妹と四天王のお粥
3部と4部を結合させました。
内容に変化はありません。
食堂へと向かう俺と父と母。
母エリザベートは器用に歩きながら俺の頭を豊満な胸を押し続けている。というか、挟まれている。……無心だ。無心でいこう。親に欲情はしないぞ!たぶん。俺まだ六歳だし。
「さぁ、もうじき到着だ。……む?ムジカか?」
シルヴァトスの声が聞こえたのか、一人の女性がスッと現れる。
「はい。魔王陛下、エリザベート様、お勤めご苦労様です」
「うむ」
「こんばんわ〜」
「…おや?お目覚めになられたのですね?アレク様」
メイド服を着た乳白色の髪を持つ無表情な女性。名はムジカ。
宮廷メイド長で王族の身の回りの世話を主に行う完璧超人である。
「あぁ、ムジカさん。この通り、超元気です」
「それは良かったです。さぁ、お食事の準備は出来ておりますので」
「あぁ、ムジカ、アンデュラーに粥を一つ頼めんか?」
「アレク様のですね?かしこまりました」
そう言ってムジカはスッと影に隠れるように消えた。
………ん?消えた?マジ?忍者?ジャパニーズ?
「消えた…」
「あぁ、ムジカは影を移動できるからな」
影を移動して隠密行動をするのかな?
そして、俺たちは食堂の扉前に着く。
「さぁ、到着しましたよ〜」
エリザベートの声と共に扉が開く。
「お待ちしておりました」
扉の向こう側にいたムジカの声を聞きながら俺たちは食堂へと入っていった。
本当、このメイド神出鬼没だな……。
そして、食堂には。
「あ!お兄ちゃん、起きたの!」
食堂に入って早く飯を食べたい俺の目に写るのはテーブルにある椅子に座った一人の少女。
美しい黒髪に真っ赤な目を持ち、俺よりも低い身長の美少女。彼女の名はユーメリア=ルノワール。
俺の妹だ。ついでに言うと五歳児。
非常に言いづらいが、彼女は現時点の俺よりも強い。
「うん。おはよう!ユメ」
「おはよ!お兄ちゃん!」
仲良く挨拶をする俺たち。
「相変わらず仲良いわね〜」
「良いことだ」
親二人は微笑ましい物を見るようにこちらを見ている。少しくすぐったい感じだ…
「ようこそ皆様、我が食の舞台へ!お待ちしておりましたぞー!……って、おぉ!目覚めたのか!坊ちゃん!」
滅茶苦茶大きな声と共に現れた五月蝿い男。その体は山のように大きく、その筋肉モリモリな体を料理人の服で無理矢理しまった姿。その顔には一筋の剣の傷が付いている。
「おはようございます。相変わらず元気ですねアンデュラーさん」
その名もアンデュラー=アームストロング。魔王城の総料理長であり、魔王国の四人の武の守護者である四天王の一柱。《力》のアンデュラー。魔王に次ぐ力を持つ魔王国の武将である。
…何故、総料理長なのかと言うと、武人であるのに料理が得意であり、食材を求めて魔境に一人で突っ込み、すぐに高級で貴重な食材を持ってくるからだ。

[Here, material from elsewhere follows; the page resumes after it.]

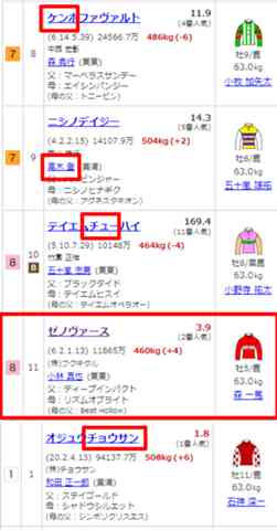 中山、阪神の土曜日の出馬表を眺めてみると、居ました、居ました。

あとワンパンで若い竜を消しとばす。
一言でいうとマジ怖いけど頼りになる兄貴。
「うむ。息災であるなアンデュラー」
「これは陛下、夕食の準備は整っておりますよ!」
「うむ、それからアレクの飯は…」
「もちろん、病人である坊ちゃんのためにお粥をと、ムジカ嬢に頼まれましたので、準備は出来ておりますぞ」
そう言って出されたテーブルに出されたお粥の山。 ……多くないですかね〜?アンデュの兄貴?

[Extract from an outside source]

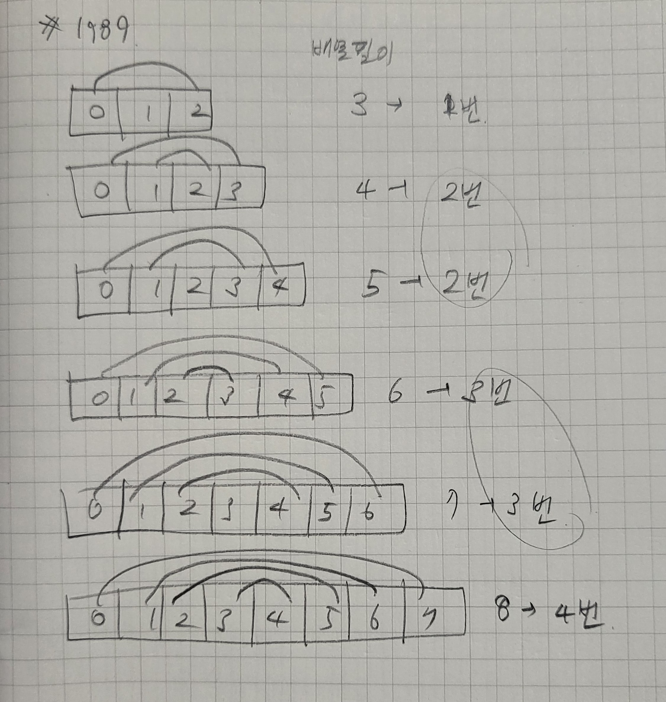 8. 배열길이 n일때 n을 2로 나눈 몫(n/2)번 그 반복문을 지속했는데 반복문 안 끝났다? 그럼 회문이 맞는거라서

「あぁ、三日も食べちゃあいないと思うんで、少し大盛りにしていただきました」
「あらあら〜それはさすがに…」
「ありがとうアンデュの兄貴!これでも、お腹減ってたんですよ!」
「そいつぁ良かったってもんよ!」
「「ハッハッハッハッハッ!」」
「…仲良いわね〜」
「お兄ちゃん元気〜!私も混ざる〜!」
「こらユメ。男の友情に手を出してはならんぞ」
「? はーい!」
そうして俺は、三日ぶりの飯にありつけたのだった。